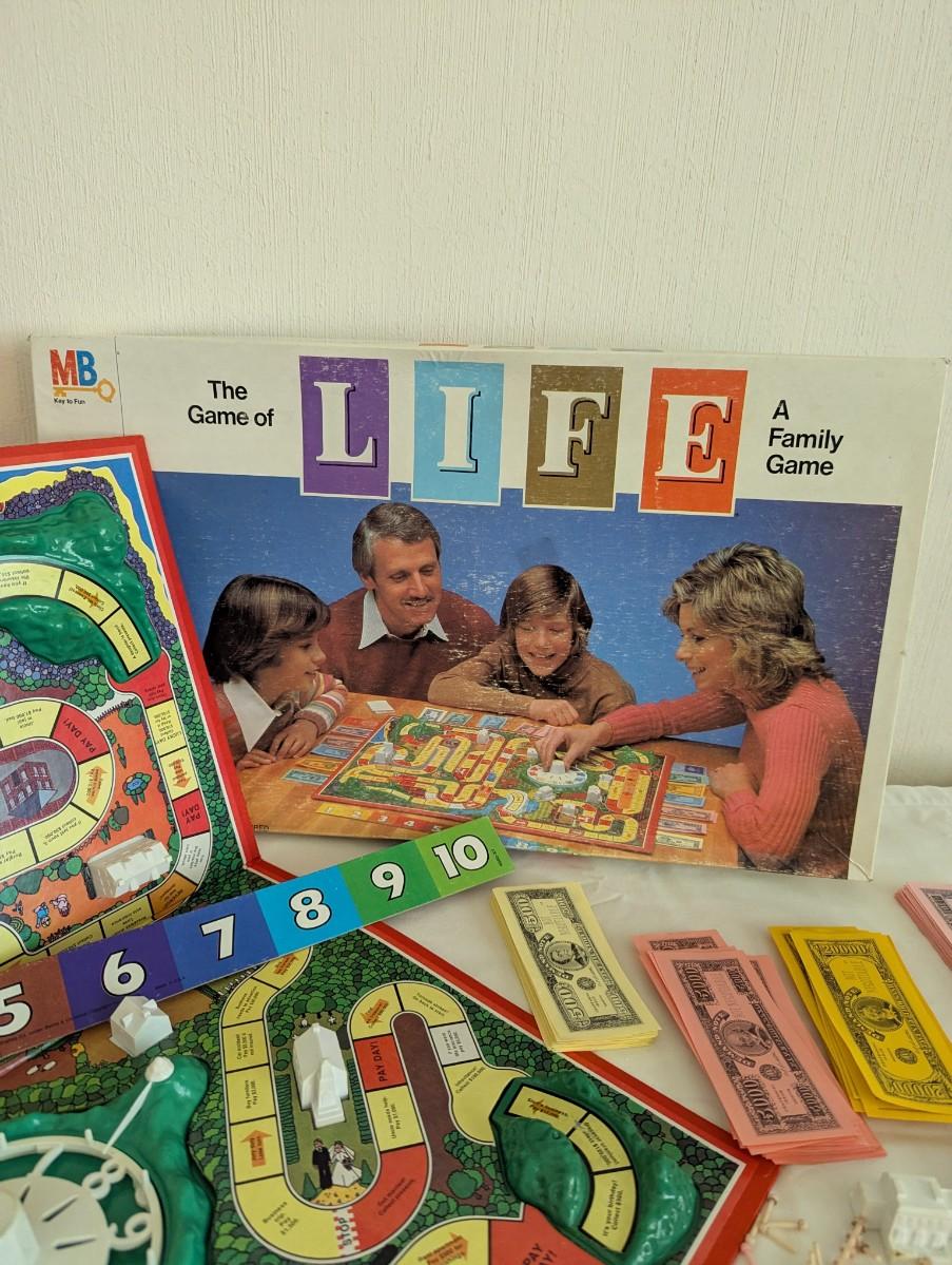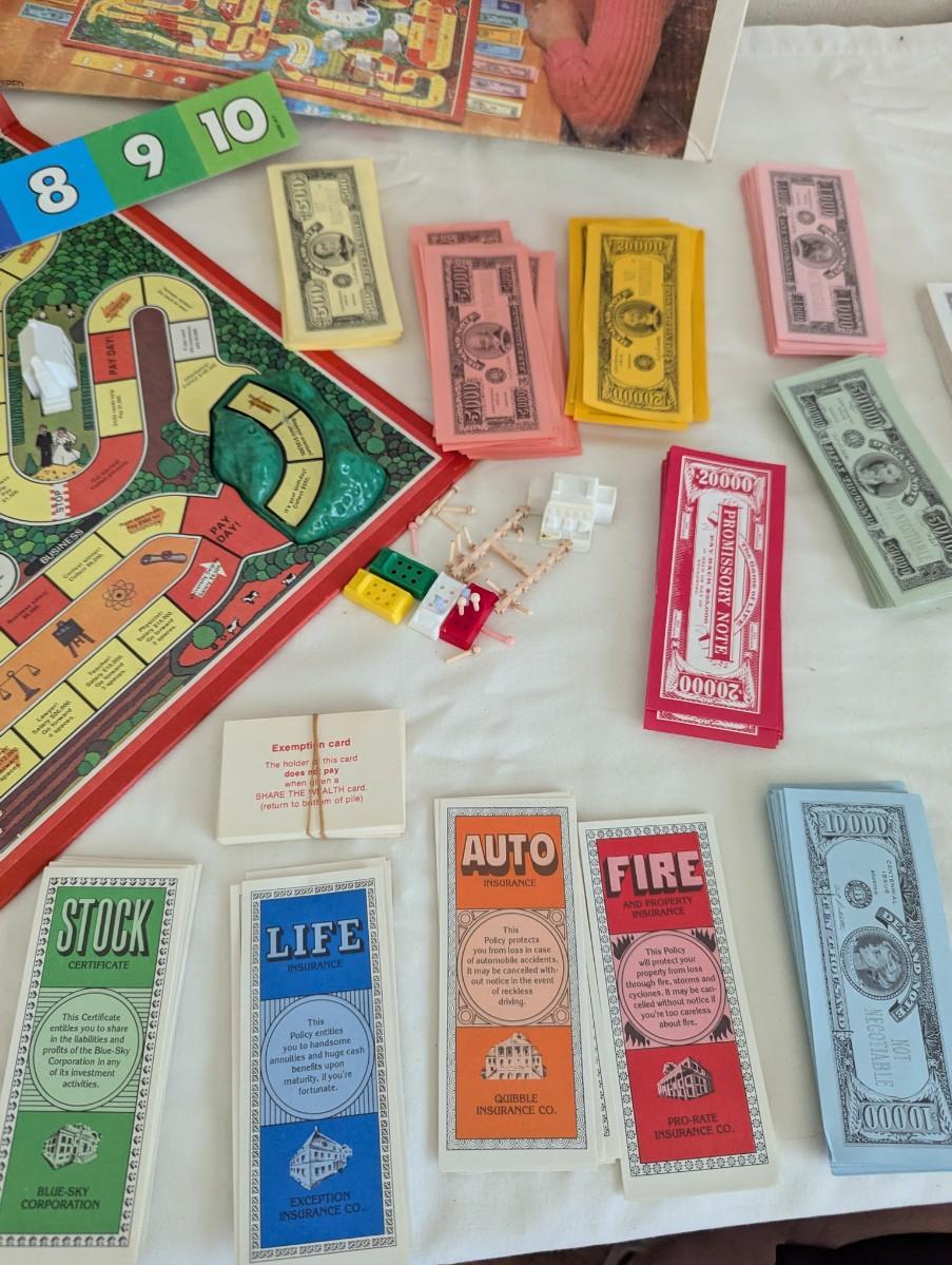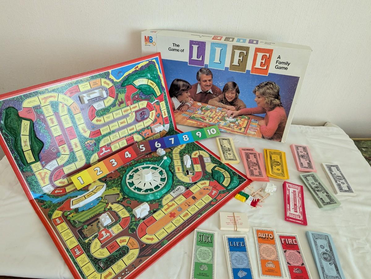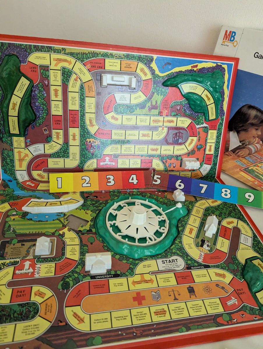 The Game of Life from the 1960's Milton Bradley. All the pieces are there.
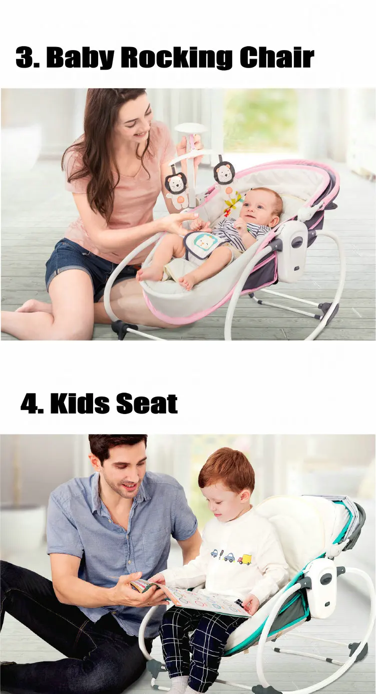 Cuna mecedora eléctrica para bebé 5 en 1, cuna eléctrica para bebé, mecedora con vibración, puede sentarse, puede levantar la cesta, balancín rosa para bebé
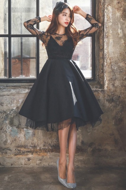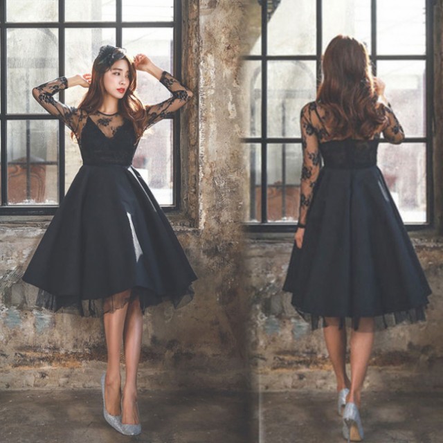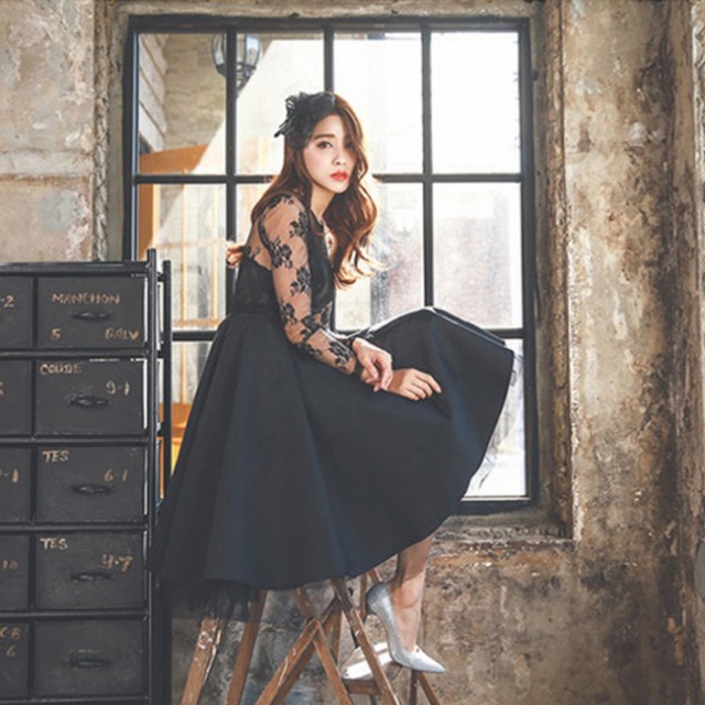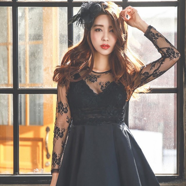 花柄刺繍のシースルーロングスリーブで大人の魅力がたっぷりなAラインドレスになっています。
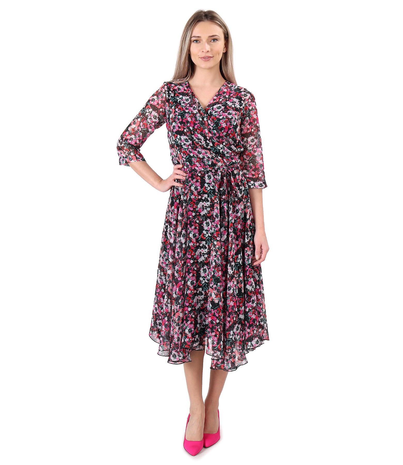 Elegant veil dress printed with floral motifs, padded with viscose, with 3/4 sleeves, party breasts, and drawstring at the waist. It closes with a zipper hidden in the middle of the back.
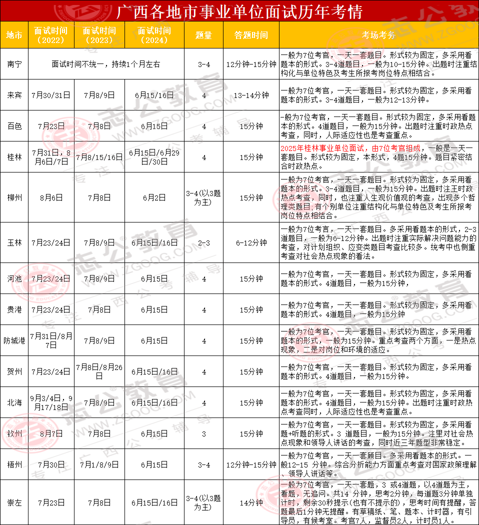 當然,我們還可以根據歷年廣西事業(yè)單位面試時間參考,推測全部地市是不是集中面試,小志給大家整理了歷年廣西各地事業(yè)單位面試時間、題量、答題時間、考場考務,大家可以從下圖看出。
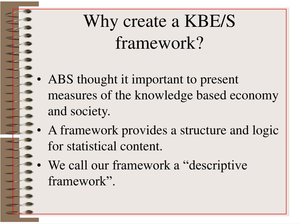 Why create a KBE/S framework? • ABS thought it important to present measures of the knowledge based economy and society. • A framework provides a structure and logic for statistical content. • We call our framework a “descriptive framework”.
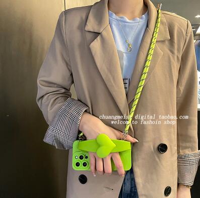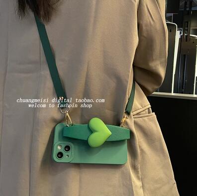 スマホケース ショルダー簡単なグリーン可愛いheart携帯ケースiphone 12 pro 11 promax女性モデルxsmaxシリコン13 mini落下防止保護カバーxr斜め掛けロープ
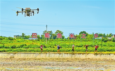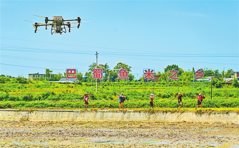 5月13日,荣昌区安富街道普陀村的稻虾田里,无人机播种、人工插秧、秧苗移栽同步进行。
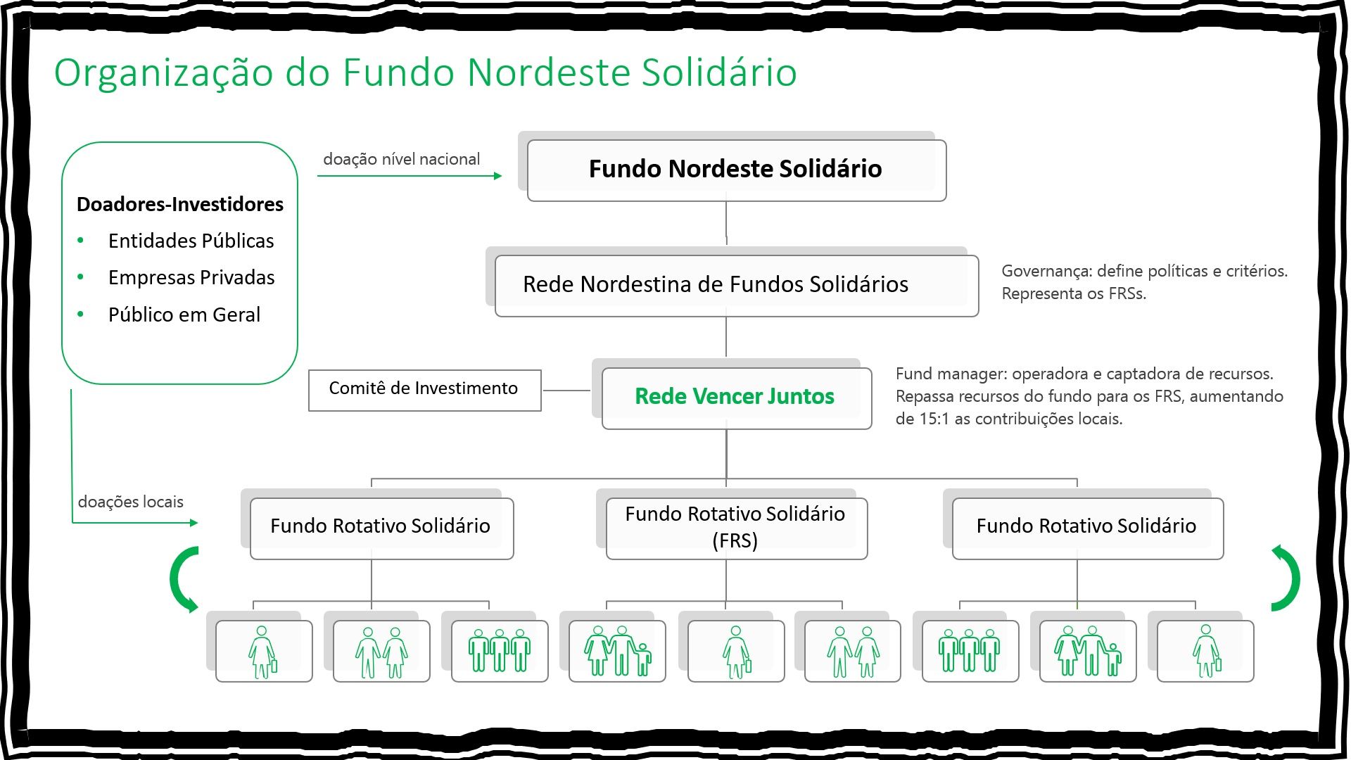 A Rede Vencer Juntos atuará como Secretaria Executiva e entidade gestora da plataforma, executando as campanhas de comunicação e captação, recebendo as doações e repassando os recursos aos FRS, conforme critérios pactuados pela Rede Nordestina. Será responsável pelo monitoramento do Fundo Nordeste Solidário, emitindo relatórios, se relacionando com doadores/investidores e integrantes da Rede. O quadro mostra o organograma do FNES: Link Organigrama
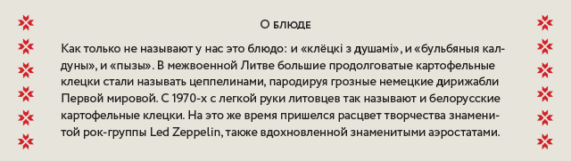 Один из самых ярких примеров — колдуны. Это литвинский аналог пельменей, вареников и равиолей, которые готовили из мучного теста с начинкой. Но никак не из картофеля! Тот же сырник: это творожный десерт в стиле «чизкейка». Но чтобы об этом помнить, нужно или родиться в семье графов Тышкевичей, или внимательно изучить ту же кулинарную литературу, которую читали они или их кухмистры.
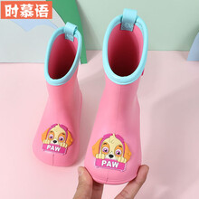 时慕语儿童靴子玩水男孩女孩汪汪队宝宝幼儿雨靴水鞋子男小孩雨鞋幼儿园防滑男童女童水鞋 2016汪汪队雨鞋红色毛毛 内长14厘米

# # #

Exactly what appears in the records above must be returned, apart from the pictures.

 The Game of Life from the 1960's Milton Bradley. All the pieces are there.
 Cuna mecedora eléctrica para bebé 5 en 1, cuna eléctrica para bebé, mecedora con vibración, puede sentarse, puede levantar la cesta, balancín rosa para bebé
 花柄刺繍のシースルーロングスリーブで大人の魅力がたっぷりなAラインドレスになっています。
 Elegant veil dress printed with floral motifs, padded with viscose, with 3/4 sleeves, party breasts, and drawstring at the waist. It closes with a zipper hidden in the middle of the back.
 當然,我們還可以根據歷年廣西事業(yè)單位面試時間參考,推測全部地市是不是集中面試,小志給大家整理了歷年廣西各地事業(yè)單位面試時間、題量、答題時間、考場考務,大家可以從下圖看出。
 Why create a KBE/S framework? • ABS thought it important to present measures of the knowledge based economy and society. • A framework provides a structure and logic for statistical content. • We call our framework a “descriptive framework”.
 スマホケース ショルダー簡単なグリーン可愛いheart携帯ケースiphone 12 pro 11 promax女性モデルxsmaxシリコン13 mini落下防止保護カバーxr斜め掛けロープ
 5月13日,荣昌区安富街道普陀村的稻虾田里,无人机播种、人工插秧、秧苗移栽同步进行。
 A Rede Vencer Juntos atuará como Secretaria Executiva e entidade gestora da plataforma, executando as campanhas de comunicação e captação, recebendo as doações e repassando os recursos aos FRS, conforme critérios pactuados pela Rede Nordestina. Será responsável pelo monitoramento do Fundo Nordeste Solidário, emitindo relatórios, se relacionando com doadores/investidores e integrantes da Rede. O quadro mostra o organograma do FNES: Link Organigrama
 Один из самых ярких примеров — колдуны. Это литвинский аналог пельменей, вареников и равиолей, которые готовили из мучного теста с начинкой. Но никак не из картофеля! Тот же сырник: это творожный десерт в стиле «чизкейка». Но чтобы об этом помнить, нужно или родиться в семье графов Тышкевичей, или внимательно изучить ту же кулинарную литературу, которую читали они или их кухмистры.
 时慕语儿童靴子玩水男孩女孩汪汪队宝宝幼儿雨靴水鞋子男小孩雨鞋幼儿园防滑男童女童水鞋 2016汪汪队雨鞋红色毛毛 内长14厘米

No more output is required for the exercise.